> -----Original Message-----
> From: Mary Barnes [mailto:[email protected]]
> Sent: Friday, March 13, 2009 10:19 AM
> 
> Cons:
> ======
> 1) In order for the document to be useful and accurate, it effectively is
> standarizing the Diversion header. Diversion would need to be registered,
> normative "i"s dotted and "t"s crossed, etc.
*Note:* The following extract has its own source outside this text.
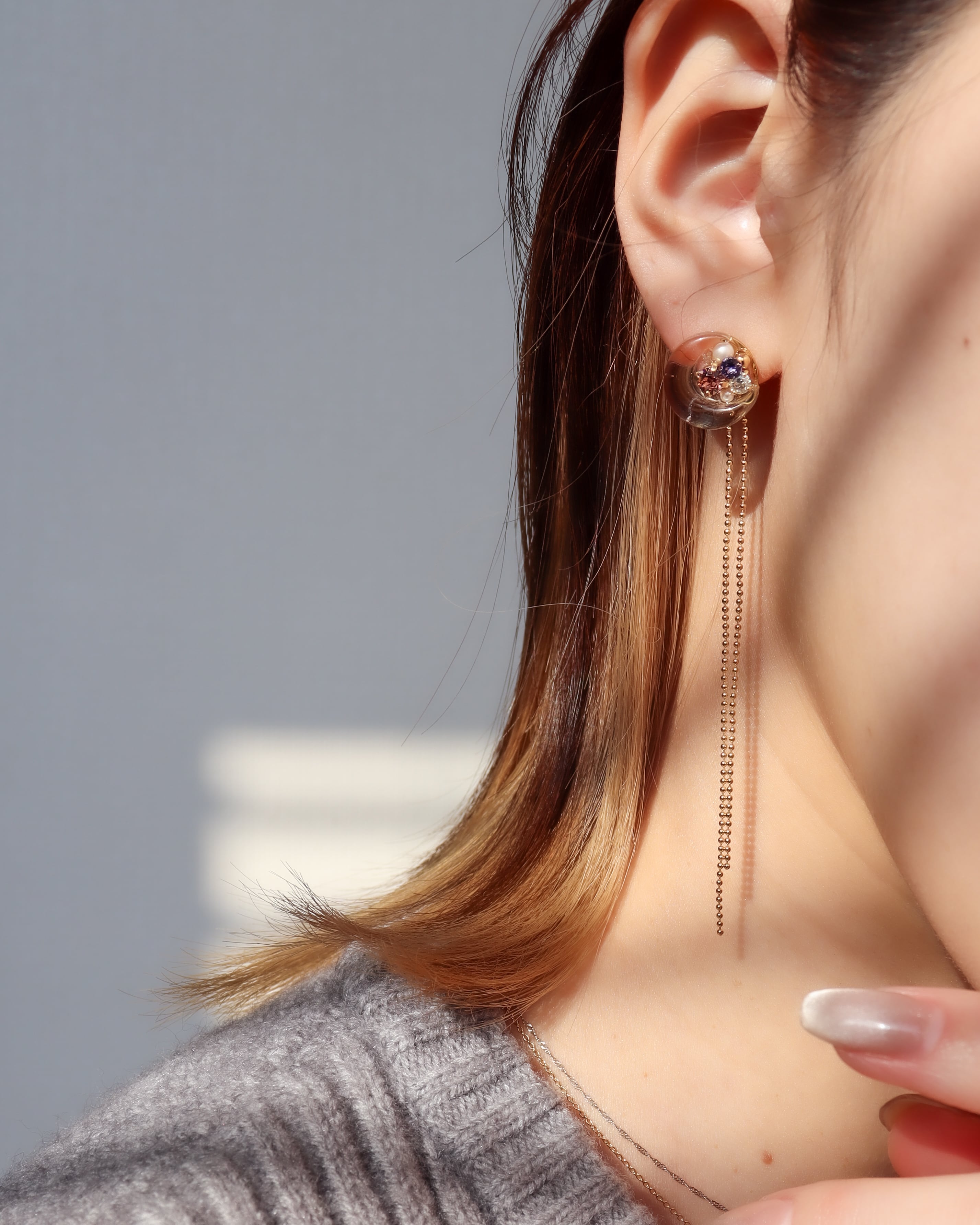イヤリングなヒキワという金具で付け外し可。

You can't get around that.

Of course you can.  The Diversion draft can be submitted as historical for 
information only.  I believe there's even precedence for this in the IETF, 
where proprietary protocols or extensions were documented simply so that people 
could figure out how to interwork away from them.


> 2) Re-enforces the idea that what we do in standards isn't translating to
> the real world - History-Info was there quite some time ago, but folks
> chose not to implement.

We need to be honest with ourselves about this.  We screwed up.  We took a 
really long time, making a more extensible/flexible/pretty mechanism, in a more 
general way, instead of solving the specific problem at hand.  I think we've 
all expressed our frustration recently about this type of problem, and 
hopefully the re-org and new model will improve things.  But that doesn't 
absolve us of responsibility for Diversion's prevalence.  We can't go blame 
3GPP or OMA or whatever for this - it was *us*.
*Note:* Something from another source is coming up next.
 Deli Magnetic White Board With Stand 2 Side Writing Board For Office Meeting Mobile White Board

> 3) Leading to my next point, that as Hadriel noted, this sets the
> precendent for documenting all sorts of proprietary interworking (and
> there's a lot of that).  In my mind, this is just reverse engineering the
> standards from product implementations, which is more the purview of
> groups like SIP Forum or one of the Service Provider focused organizations
> to provide guidelines on the Industry standards vs IETF standards -
> there's already lots of cross-pollination amongst the various
> organizations.  If we want to do this (in IETF) we need to acknowledge
> this is what we're doing, but it certainly doesn't seem to be the charter
> of any of the current RAI WGs.

If it were just one vendor that implemented it, I would find it a lot more 
troublesome in terms of precedence setting.  But it wasn't one vendor.  Many 
vendors implemented it.  It's effectively a defacto standard.
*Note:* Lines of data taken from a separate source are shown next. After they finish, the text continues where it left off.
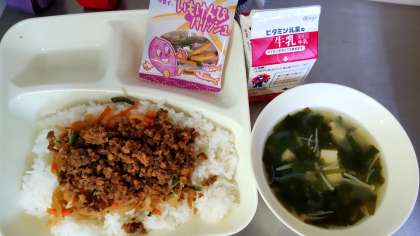 2年生に感想をもらいました。「そぼろのお肉美味しい。わかめスープも美味しかった。」とのこと。ビビンバはどの学年にも人気メニューのようです。
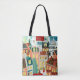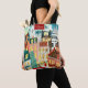 En söt London stadsillustration med shopping människor och stadshus med julgranar och den röda bussen. Originalkonst av Caroline Bonne Müller
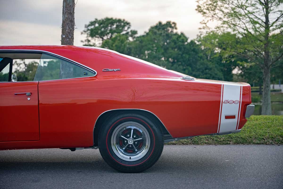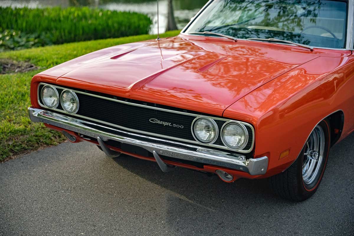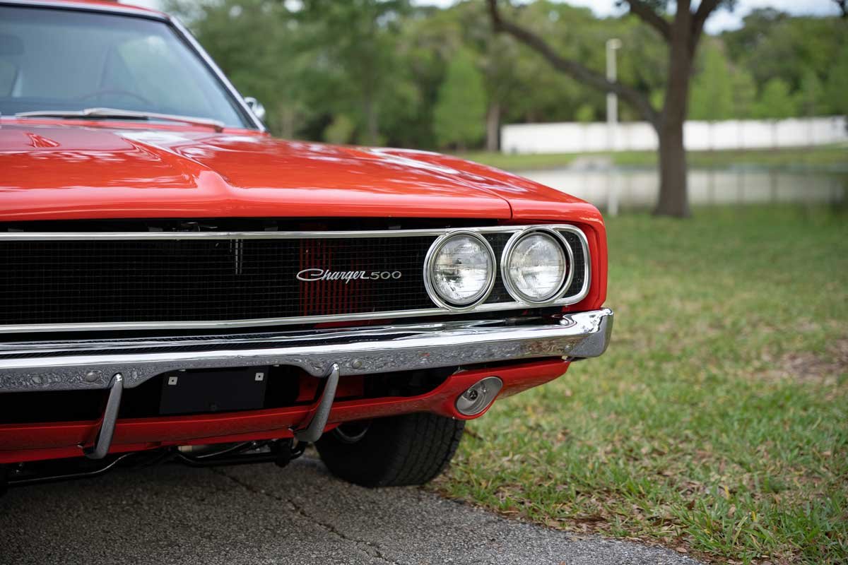In June 1968, Dodge announced the limited production Charger 500, which initially was only available with a Hemi. It was later decided a 440 would also be an option. Creative Industries handled the installation of the grille, a front spoiler, chrome A-pillar covers, and the rear window plug assembly.

> 4) From a technical perspective, there is the potential for loss of
> information when mapping from History-Info -> Diversion -> History-Info.
> My suggestion would be to just carry both headers through the network.

That won't work, and we discussed why that won't work in Dublin.


> 5) This puts the burden of inter-working on the vendors that have gone the
> standards route

They already have that burden, because of how long it took us.  The incumbent 
deployed legacy gear almost always has the upper hand in this regard.